# SunStar Gifts 2008 Halloween Catalogs



## prestonjjrtr (Sep 5, 2004)

Hi everyone, 

In the past we were able to access the Sunstar gifts Halloween catalogs and someone on Halloweenforum.com had the ID and password or public URL so that we could access them. 

This year it seems that they have 2 Halloween catalogs one for decorations and one for animations. 

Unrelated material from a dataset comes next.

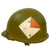 The helmet liner is in excellent service worn condition, and has the original stamping on the webbing still visible but illegible. The chin straps are both intact, with the main helmet chinstrap having the extensions with snaps on the end, which secure the liner to the shell for paratrooper use. Nape Strap is no longer present. The shell has a tactical marking on both sides for the 71st Airborne Brigade.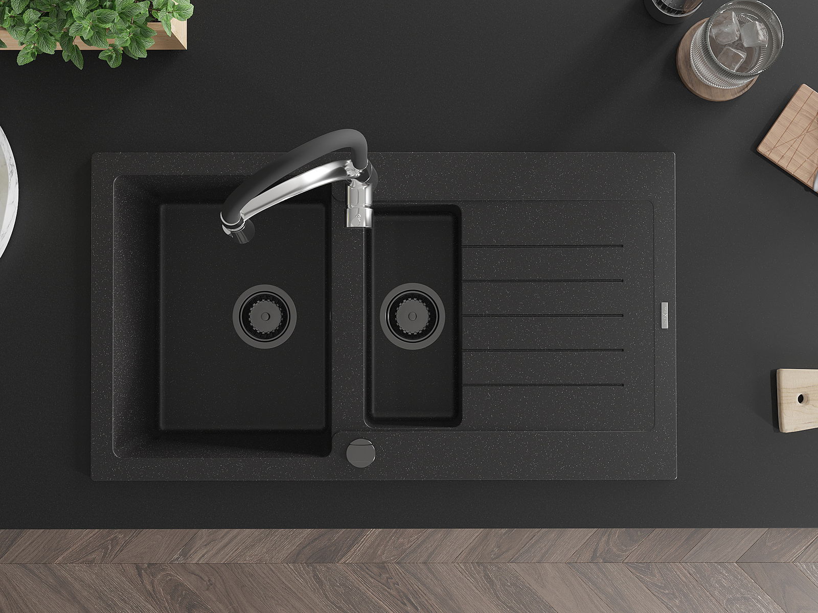 Mexen Matias granitový drez s 1,5 komorou a odkvapkávačom a kuchynskou batériou Aster, čierny/strieborný - 6502-73-73450-07-B

Does anyone have the public link ? We tried the old link and it doesn't work. 

Here is the website URL:

http://www.sunstargifts.com/

Here is the public link that doesn't work anymo:

http://www.sunstargifts.com/public_html/halloween.htm

Thanks !


----------



## Empress Nightshade (Jul 6, 2004)

Yeah. I went back and did a search here for the website and you're right -- no good. The only thing I can think to do is to call them. Here's their info:

360 W 132nd St
Los Angeles, CA , 90061-1106 
Phone: 310-366-7578


----------



## a witch from canada (Jul 13, 2005)

yes they have 2 halloween catalogs and some neat props in both from what i saw in the past , but general public cant access them anymore , i think business like that should let the catalogs public for viewing and have a search or reference page of what compagnies will have their items on halloween for those that want certain props from the catalog like many compagny do.


----------



## Dalloween (Jun 25, 2006)

I'll have to pick up their catalogs at Transworld.  Only 4 more weeks!!!!

Jim


----------



## dd_richart1 (Aug 9, 2014)

Does anyone have sunstar catalogs from 2014 and older? Thanks. For Halloween


----------



## Big Mouth Billy Bass (Oct 26, 2015)

dd_richart1 said:


> Does anyone have sunstar catalogs from 2014 and older? Thanks. For Halloween


Well, I have a 2016 Sunstar Halloween Catalog. 

-Frank


----------